Source records
□ □ □ □ □ □ □

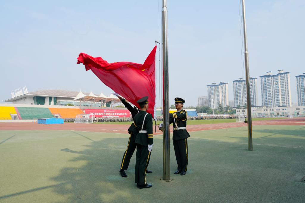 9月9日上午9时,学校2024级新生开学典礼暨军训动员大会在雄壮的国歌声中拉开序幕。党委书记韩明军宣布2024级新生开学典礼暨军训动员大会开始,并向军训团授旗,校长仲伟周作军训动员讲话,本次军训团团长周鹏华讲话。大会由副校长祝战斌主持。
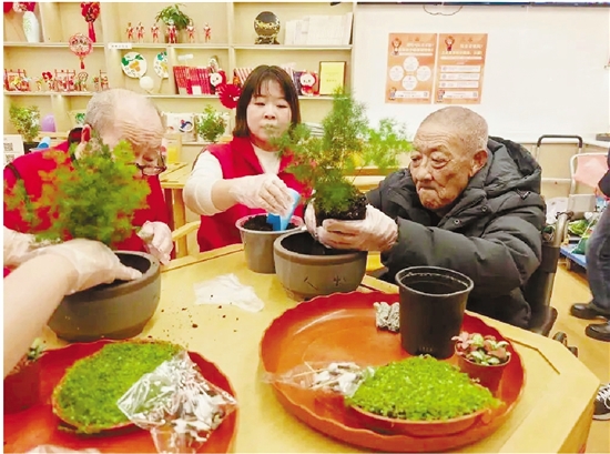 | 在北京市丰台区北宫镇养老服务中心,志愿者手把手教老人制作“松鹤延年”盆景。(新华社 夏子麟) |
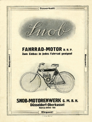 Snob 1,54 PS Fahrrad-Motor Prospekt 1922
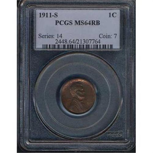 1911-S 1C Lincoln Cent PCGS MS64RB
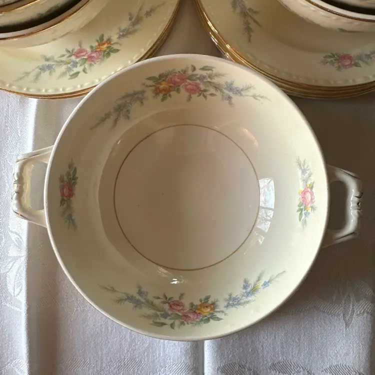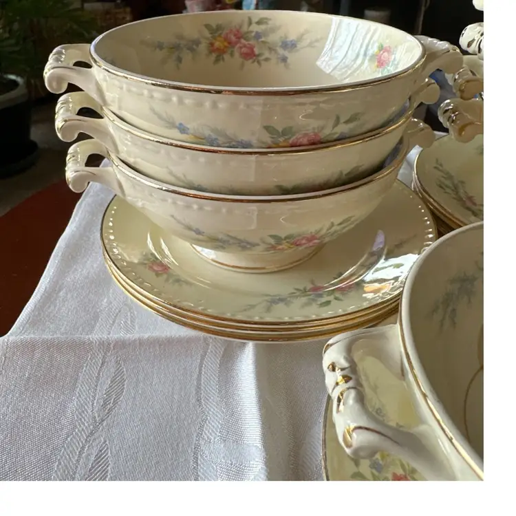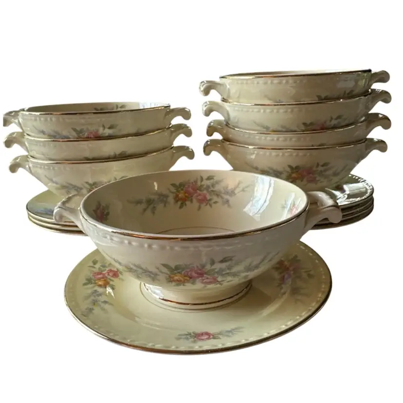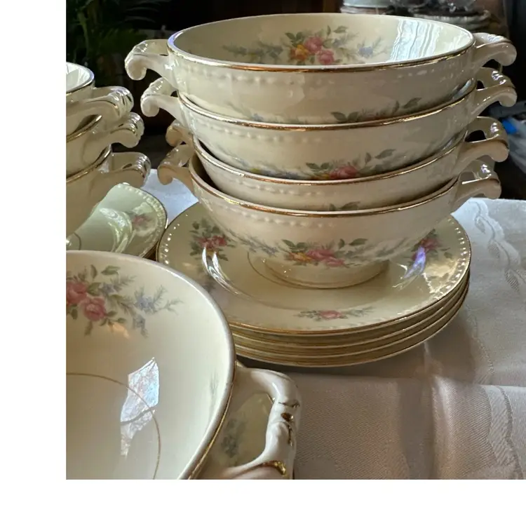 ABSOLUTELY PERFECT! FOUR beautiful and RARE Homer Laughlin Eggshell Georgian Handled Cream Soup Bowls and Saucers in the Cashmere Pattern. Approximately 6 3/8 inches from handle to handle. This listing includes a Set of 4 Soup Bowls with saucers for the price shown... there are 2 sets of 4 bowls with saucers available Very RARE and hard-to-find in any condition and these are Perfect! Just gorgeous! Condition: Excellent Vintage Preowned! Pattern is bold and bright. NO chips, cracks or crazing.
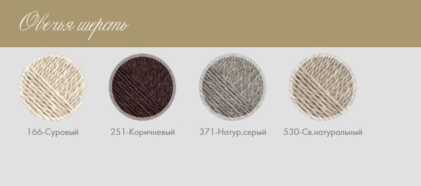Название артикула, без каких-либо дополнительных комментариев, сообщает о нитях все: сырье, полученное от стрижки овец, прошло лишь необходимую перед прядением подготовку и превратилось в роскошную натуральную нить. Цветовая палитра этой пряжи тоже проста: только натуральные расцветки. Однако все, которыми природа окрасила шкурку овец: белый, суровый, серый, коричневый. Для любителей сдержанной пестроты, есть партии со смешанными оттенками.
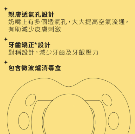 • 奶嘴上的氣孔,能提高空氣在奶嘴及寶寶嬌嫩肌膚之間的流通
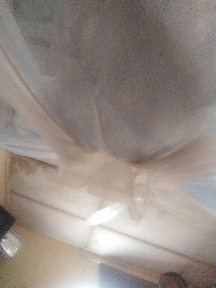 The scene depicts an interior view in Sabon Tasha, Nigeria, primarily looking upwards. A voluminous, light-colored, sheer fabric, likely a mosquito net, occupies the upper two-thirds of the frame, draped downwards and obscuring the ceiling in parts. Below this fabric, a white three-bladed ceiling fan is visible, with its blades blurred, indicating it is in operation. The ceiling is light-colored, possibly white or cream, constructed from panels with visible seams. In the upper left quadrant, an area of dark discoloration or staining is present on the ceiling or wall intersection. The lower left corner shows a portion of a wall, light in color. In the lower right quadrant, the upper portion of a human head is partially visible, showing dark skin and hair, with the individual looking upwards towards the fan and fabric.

□ □ □ □ □ □ □

Problem requirements
Leaving out the pictures, reproduce the whole listing above exactly.

Exercise response
 9月9日上午9时,学校2024级新生开学典礼暨军训动员大会在雄壮的国歌声中拉开序幕。党委书记韩明军宣布2024级新生开学典礼暨军训动员大会开始,并向军训团授旗,校长仲伟周作军训动员讲话,本次军训团团长周鹏华讲话。大会由副校长祝战斌主持。
 | 在北京市丰台区北宫镇养老服务中心,志愿者手把手教老人制作“松鹤延年”盆景。(新华社 夏子麟) |
 Snob 1,54 PS Fahrrad-Motor Prospekt 1922
 1911-S 1C Lincoln Cent PCGS MS64RB
 ABSOLUTELY PERFECT! FOUR beautiful and RARE Homer Laughlin Eggshell Georgian Handled Cream Soup Bowls and Saucers in the Cashmere Pattern. Approximately 6 3/8 inches from handle to handle. This listing includes a Set of 4 Soup Bowls with saucers for the price shown... there are 2 sets of 4 bowls with saucers available Very RARE and hard-to-find in any condition and these are Perfect! Just gorgeous! Condition: Excellent Vintage Preowned! Pattern is bold and bright. NO chips, cracks or crazing.
Название артикула, без каких-либо дополнительных комментариев, сообщает о нитях все: сырье, полученное от стрижки овец, прошло лишь необходимую перед прядением подготовку и превратилось в роскошную натуральную нить. Цветовая палитра этой пряжи тоже проста: только натуральные расцветки. Однако все, которыми природа окрасила шкурку овец: белый, суровый, серый, коричневый. Для любителей сдержанной пестроты, есть партии со смешанными оттенками.
 • 奶嘴上的氣孔,能提高空氣在奶嘴及寶寶嬌嫩肌膚之間的流通
 The scene depicts an interior view in Sabon Tasha, Nigeria, primarily looking upwards. A voluminous, light-colored, sheer fabric, likely a mosquito net, occupies the upper two-thirds of the frame, draped downwards and obscuring the ceiling in parts. Below this fabric, a white three-bladed ceiling fan is visible, with its blades blurred, indicating it is in operation. The ceiling is light-colored, possibly white or cream, constructed from panels with visible seams. In the upper left quadrant, an area of dark discoloration or staining is present on the ceiling or wall intersection. The lower left corner shows a portion of a wall, light in color. In the lower right quadrant, the upper portion of a human head is partially visible, showing dark skin and hair, with the individual looking upwards towards the fan and fabric.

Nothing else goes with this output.